Two debates, the same problem with speciesist rhetorics blurring out a reasonable, coherent discourse.

A.)   The (unfortunately) highly controversial debate about Halal and Kosher slaughter methods.

B.)   The ‘humane meat’ marketing campaigns, using Animal Welfare as the as a vehicle for their sales boosting.

In both these speciesist segments – the one religious, the other one more plain-culturally based – you face an upholding of speciesist ideological tenets, additionally to the front-fight of defending a speciesist practice.

Why are we discussing these two examples of speciesist praxes?

Pro-arguments defending these two praxes, that are finding their basis in cultural reception, have permeated the AR debate to some extent on outreach strategies in regards to multiculturalism and culture – assuming “traditions” to be fixed societal phenomena/entities, immune to continuous ethical historical change.

—-

The Problem of rhetorical twists permeating the AR discussion in the case of A.):

The basic argument from an AR side defending religious slaughter methods, as no less “cruel” than pre-stun methods, goes that Nonhumans suffer either way, conditions in slaughterhouses might even be worse, at least as bad, and that all slaughter must stop.

Usually missed in this string of argumentation is a more detailed critique why e.g. slaughterhouses such as those designed by Temple Grandin are for example “as bad” as religious slaughter methods: So called “humane” slaughter methods have to be criticized and critically examined in their own respect.

The argument against the relativization of ‘different speciesist practices’ as in the case A.) from an AR position can be:

Why are we fighting to be able to film abuse in factory farms, when in the end of the day the comparably more abusive form of “handling” does not make any difference at all?
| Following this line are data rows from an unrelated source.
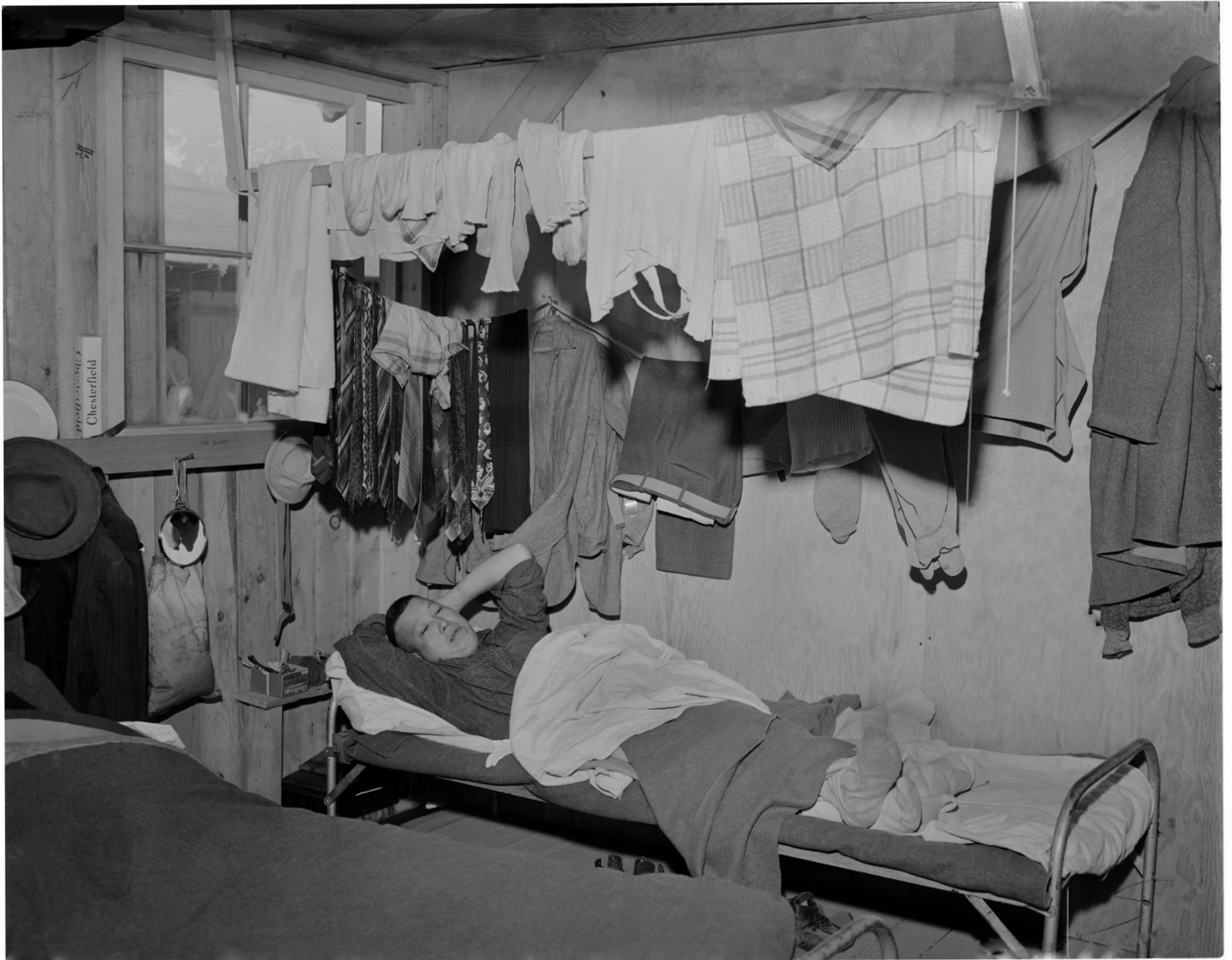
A new arrival in his living quarters at the Manzanar camp. April 2, 1942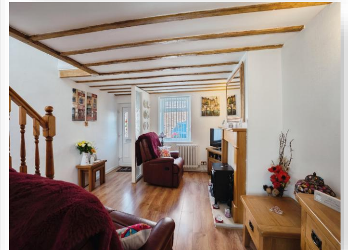
Mona Street, Cloughton, Birkenhead, CH41 0ED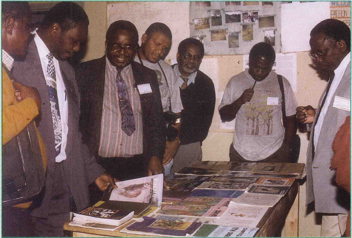
A resource room in the school with a collection of EE materials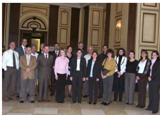
Seminar organised by UEF to launch its 'Voice of Children' programme, Amman, February 2006

Contact details: Université de Paris-Dauphine, Place du Maréchal de Lattre de Tassigny, 75775 Paris Cedex 16, France Telephone: 33 (0)1 44 05 40 01 – Fax: 33 (0)1 44 05 40 02 E-mail: ieeps@dauphine.fr - Website: www.eiesp.org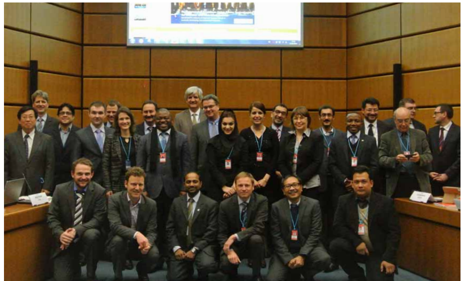
Participants of the fifth Regional Support Offices meeting in Vienna in March 2014

This network of RSOs is quite diverse. Some RSOs are national agencies, including space agencies, civil protection agencies, national geographic institutes or national research facilities or universities. Others are regional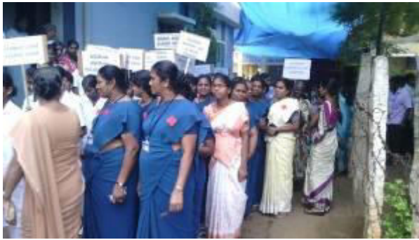
HIV/AIDS Awareness Rally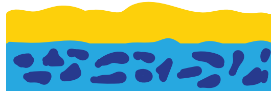
San Gabriel Basin

LA County Department of Public Works oversees water in the spreading grounds that add to our groundwater supplies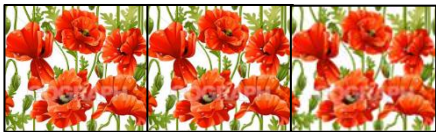
The Red Poppy by Larry Tickel

The red poppy is a symbol to simply show we care For all our fallen heroes, a loss we all equally share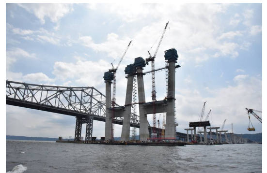
4th Right The new Tappan Zee bridges being constructed. A few days after we went under it one of the cranes collapsed onto the existing bridge.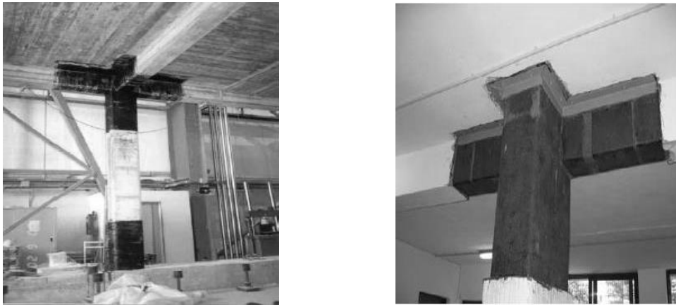
Figure 3. Retrofitting of RC beam-column joints with FRP (Tsionis et al. 2001 and Motavalli and Czaderski 2007).

The FRP strengthening system for RC beams can be made more effective by prestressing the fibers. The most beneficial effects of the prestressing method are delaying the crack formation, filling the cracks in structure with existing cracks and enhancement of the members shear capacity due to the action of confinement and reduction of FRP associated costs, because the same strength levels reached with nonprestressed composites can be reached with pretensioned sheets of reduced area (Triantafillou et al. 1992; El-Hacha 2003; and Millar et al. 2004). Thus, the serviceability of beams strengthened with FRPs is improved when the sheets or laminates are prestressed. However, codes and guidelines of applying pre-stressed FRP are not yet fully established. The prestressing techniques and installation methods need to be further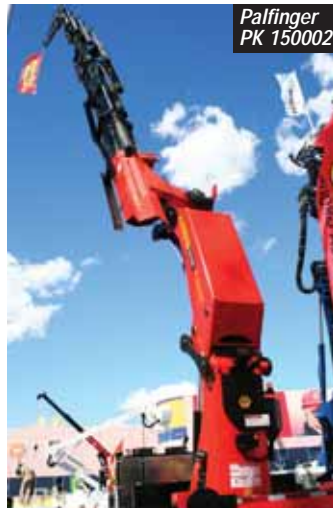
Palfinger PK 150002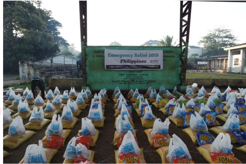
Packages arranged for distribution

1,800 families and 10,108 total numbers of people. The victims are in the pity situation and we reached help to them by giving them personal necessities and food package inclusions of: 1 sack of 25-kilo rice, 3 liters oil, 2.5-kilo laundry soap, 1 bag, 10 notebooks, 5 pencils, 5 ball pens, 1 sharpener, 1 eraser and Hijab with long skirt for young girls. The total cost of this project was PHP 3,521,974.00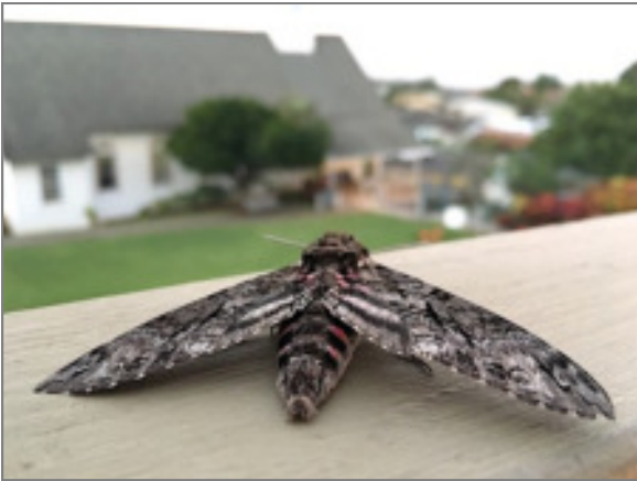
A moth comes to rest on a railing at Fujitomo Hall...

Iao United Church of Christ 2371 W. Vineyard Street Wailuku, HI 96793-1626 (808) 244-7353 iaoucc@hawaiiantel.net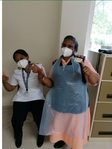
first dose of fizzer vaccine .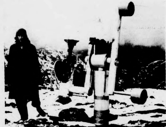
Michael Snow's epic film exploration of everything on earth within sight of a central point — "La Region Central" — will be shown today in Curtis I, from 2 p.m. - 5 p.m. Mr. Snow will be present to discuss this important experimental film.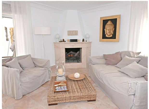
WhatsApp Image 2025-06-18 at 19.19.09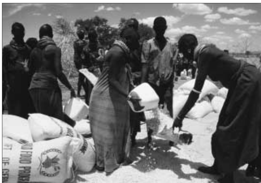
A WFP food aid distribution in Turkana

Overall, donors provided close to $4m for these livestock interventions between June 2000 and January 2001. Major donors included the Community Development Trust Fund (CDTF), a European Union (EU)/ Kenyan government poverty-reduction programme; the EU itself; the UK's Department for International Development (DFID); and the US Agency for International Development (USAID). Of this $4m, nearly $977,000 was disbursed for destocking or off-take; $1,159,000 for animal health; $119,000 for transport

After all we are always trying to alleviate any comparably more “extreme” forms of suffering in a situation where we can’t stop speciesism overnight. We do that, alongside with campaigning for veganism!

The trap with religious animal killing practices is that the degree to which killing becomes a deed of “good” is mostly being overlooked let alone critically discussed. Can you really expect strict believers to end killing Nonhumans, if it’s on behalf of an “almighty God” who decrees you to do so?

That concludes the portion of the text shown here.